[Raw data Boundary: Start]
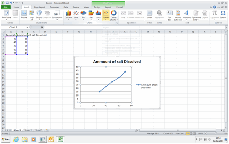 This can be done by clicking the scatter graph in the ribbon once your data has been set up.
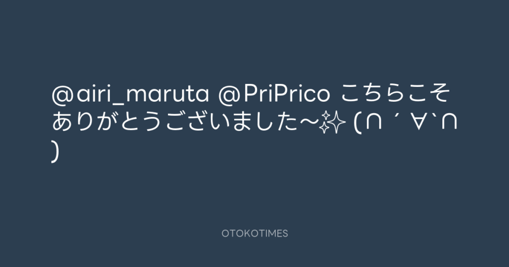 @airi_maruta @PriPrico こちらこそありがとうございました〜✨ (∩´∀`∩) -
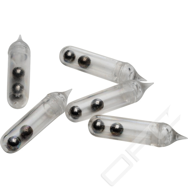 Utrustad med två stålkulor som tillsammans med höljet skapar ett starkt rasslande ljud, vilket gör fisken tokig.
[Raw data Boundary: End]
[Raw data Boundary: Start]
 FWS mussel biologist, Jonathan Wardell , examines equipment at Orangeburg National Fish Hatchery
[Raw data Boundary: End]
[Raw data Boundary: Start]
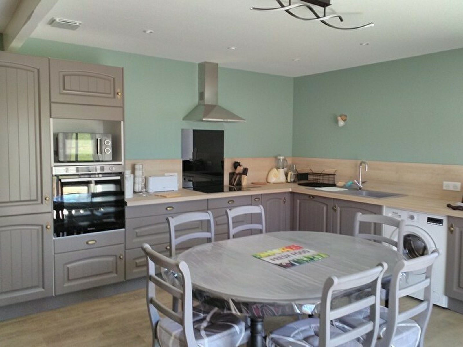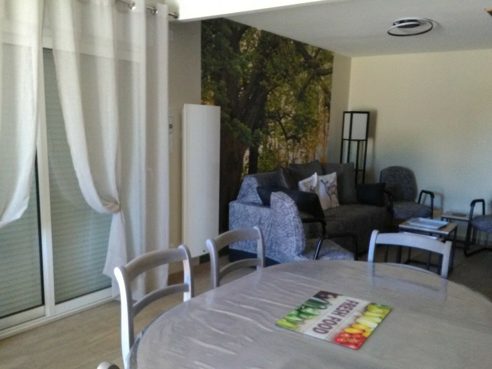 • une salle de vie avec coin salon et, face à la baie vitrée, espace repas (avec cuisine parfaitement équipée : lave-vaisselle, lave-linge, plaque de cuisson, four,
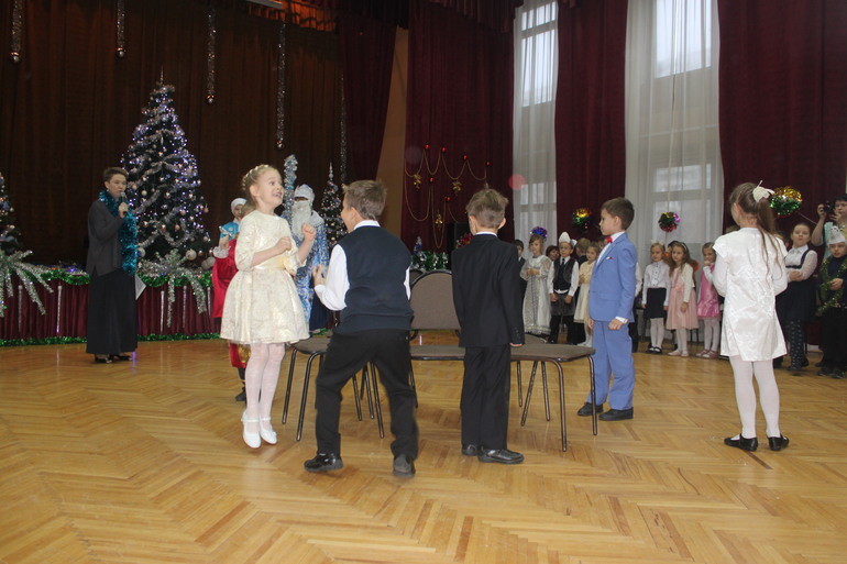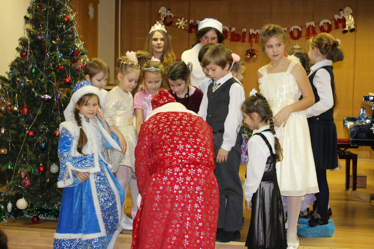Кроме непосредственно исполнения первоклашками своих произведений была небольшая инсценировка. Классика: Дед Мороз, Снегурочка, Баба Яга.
[Raw data Boundary: End]
About this task:
In the listing above, find the line containing "This can be" and the line containing "Utrustad med två", then output those two lines and everything between them exactly as written, without the images.

Result:
 This can be done by clicking the scatter graph in the ribbon once your data has been set up.
 @airi_maruta @PriPrico こちらこそありがとうございました〜✨ (∩´∀`∩) -
 Utrustad med två stålkulor som tillsammans med höljet skapar ett starkt rasslande ljud, vilket gör fisken tokig.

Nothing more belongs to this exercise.